Moreover, the evidence above stated has some bearing upon the showing of diligence, on the part of the movant and his counsel, in discovering the new evidence. The only action which appears to have been taken to determine whether the plaintiff had a prior injury was to examine both of the plaintiff’s physicians by deposition; “neither made any statement that would indicate that her knee had been injured prior to the time'of the accident on which the above case is predicated.” It does not appear that any inquiry was made of them concerning a prior injury. And, if the plaintiff had “a large scar about two inches long” on her right knee in 1950, as sworn to in the affidavit made by Mrs. Hassie Williams, such a scar should have been sufficient to put the defendant on notice, through Dr. Askew, who conducted a thorough examination of the plaintiff’s knees on July 27, 1951, that the plaintiff had received a previous injury. It does not appear that any inquiry was made of the plaintiff herself as to her having sustained a prior injury to her knee. When the movant and his counsel, on the trial of the case, learned of the prior injury and of where it occurred, they made no motion for a continuance or a suspension of the trial (See Monday v. State, 32 Ga. 672 (7); Bray v. Freeman, 32 Ga. App. 99, 122 *900S. E. 623), but instead chose to risk a verdict.
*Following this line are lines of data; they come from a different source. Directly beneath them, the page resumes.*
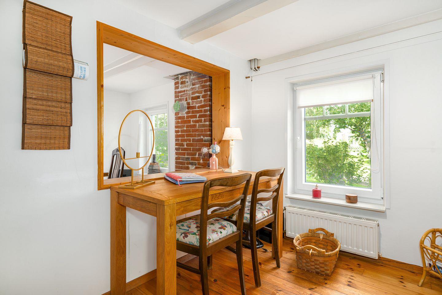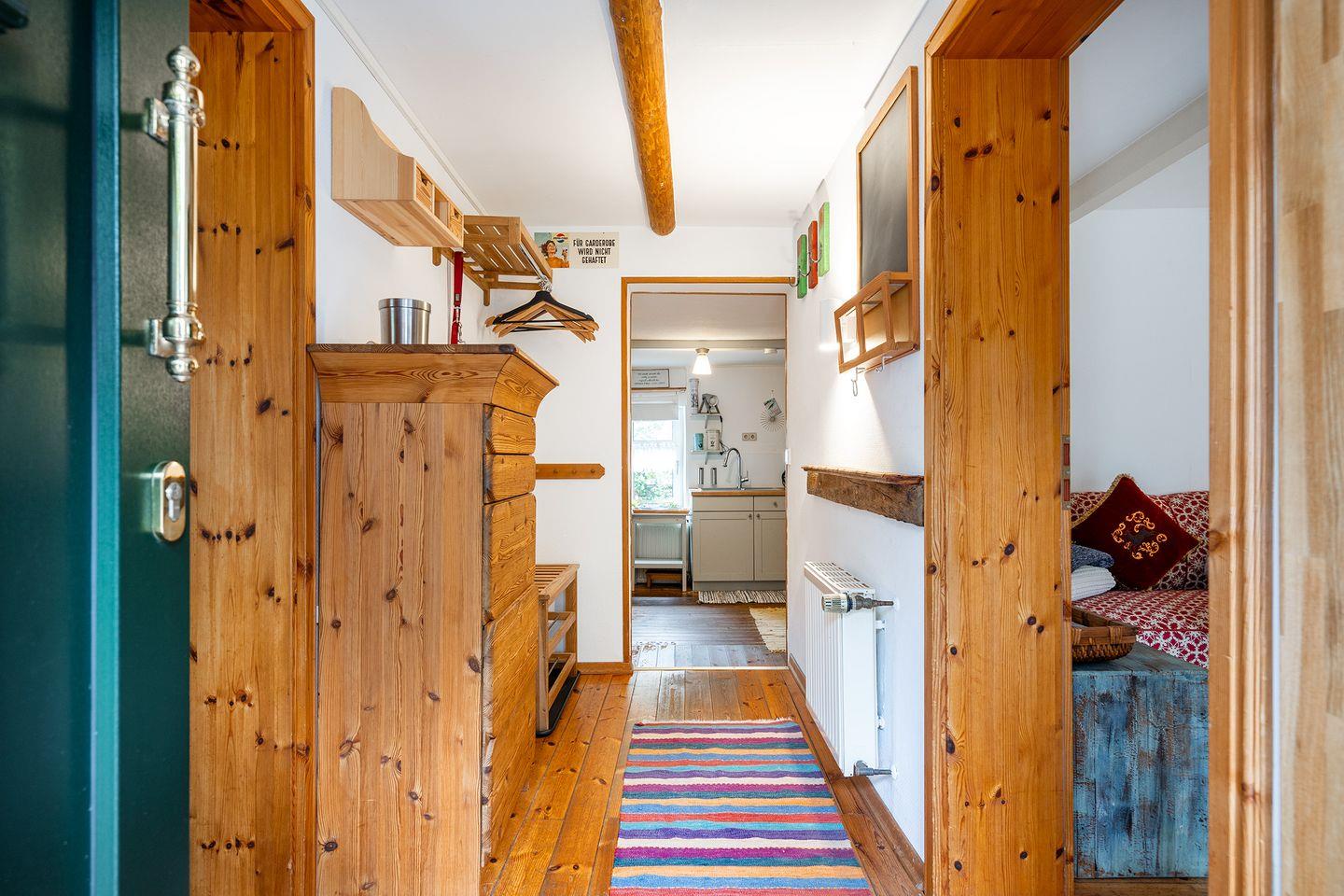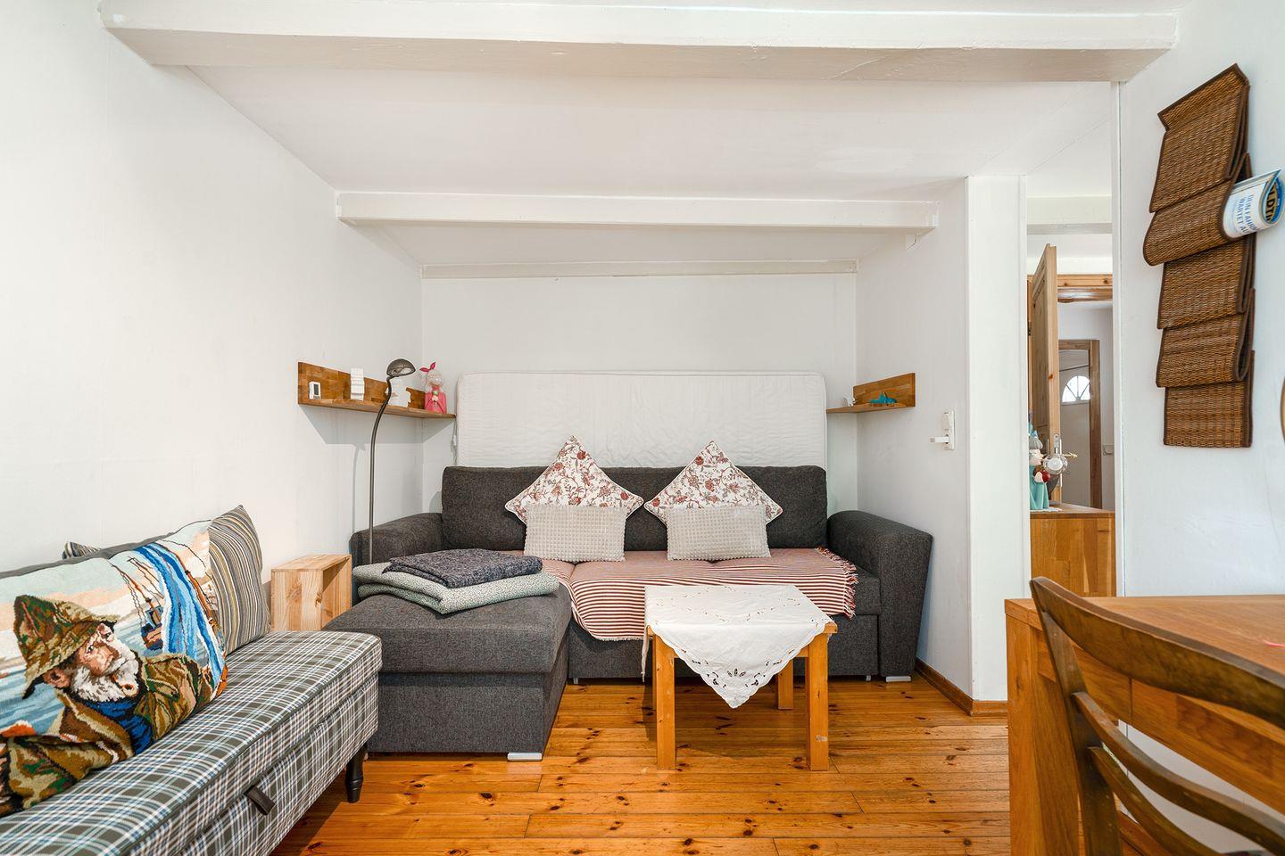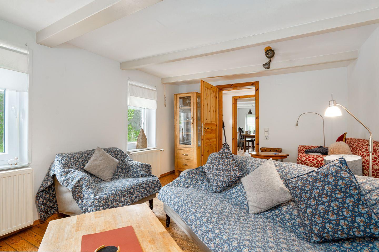 Mit Betreten des Hauses spüren Sie durch die Holzbalkendecke und die tollen Holzdielen sofort den historischen Charme dieses Hauses. Das Wohnzimmer verfügt über drei gemütliche Sofa mit Blick auf den großen Fernseher und den Pelletofen, der im Winter für angenehme Wärme sorgt. Im Esszimmer mit ausziehbarem Esstisch befindet sich ein zweiter Fernseher, sowie räumlich abgetrennt ein Schreibtisch und ein ausziehbares Schlafsofa für 1-2 Personen. Die Küche ist mit allen notwendigen Gerätschaften ausgestattet: Kühlschrank mit Gefrierschrank, Spülmaschine, Backofen, Ceran-Kochfeld, Mikrowelle, Kaffeemaschine, Toaster, Wasserkocher u.v.m..
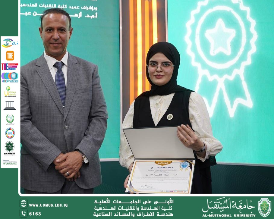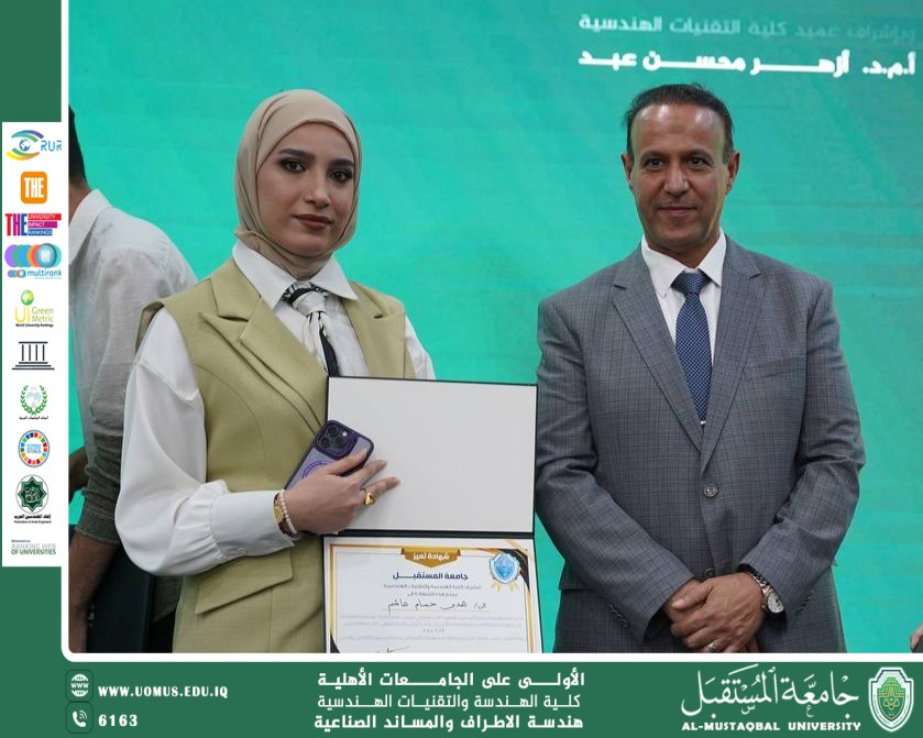 The College of Engineering at Al-Mustaqbal University honored Engineer Aya Talib Hassan in appreciat...
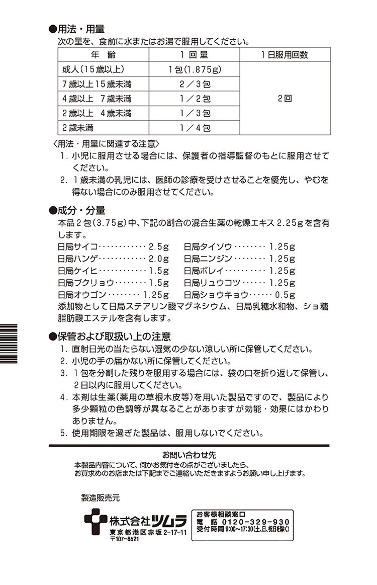 | 本品2包(3.75g)中、下記の割合の混合生薬の乾燥エキス2.25gを含有します。 ・日局サイコ・・・2.5g ・日局ハンゲ・・・2.0g ・日局ケイヒ・・・1.5g ・日局ブクリョウ・・・1.5g ・日局オウゴン・・・1.25g ・日局タイソウ・・・1.25g ・日局ニンジン・・・1.25g ・日局ボレイ・・・1.25g ・日局リュウコツ・・・1.25g ・日局ショウキョウ・・・0.5g 添加物として日局ステアリン酸マグネシウム、日局乳糖水和物、ショ糖脂肪酸エステルを含有します。 |

The court was authorized to find that the movant and his counsel could have discovered the new evidence by the exercise of slight diligence; and that, if the movant was surprised by the plaintiff’s admission of her prior injury, he could not take his chances of winning a verdict and then obtain a new trial on newly discovered evidence under the circumstances as here disclosed.

Accordingly, the motion for a rehearing is denied.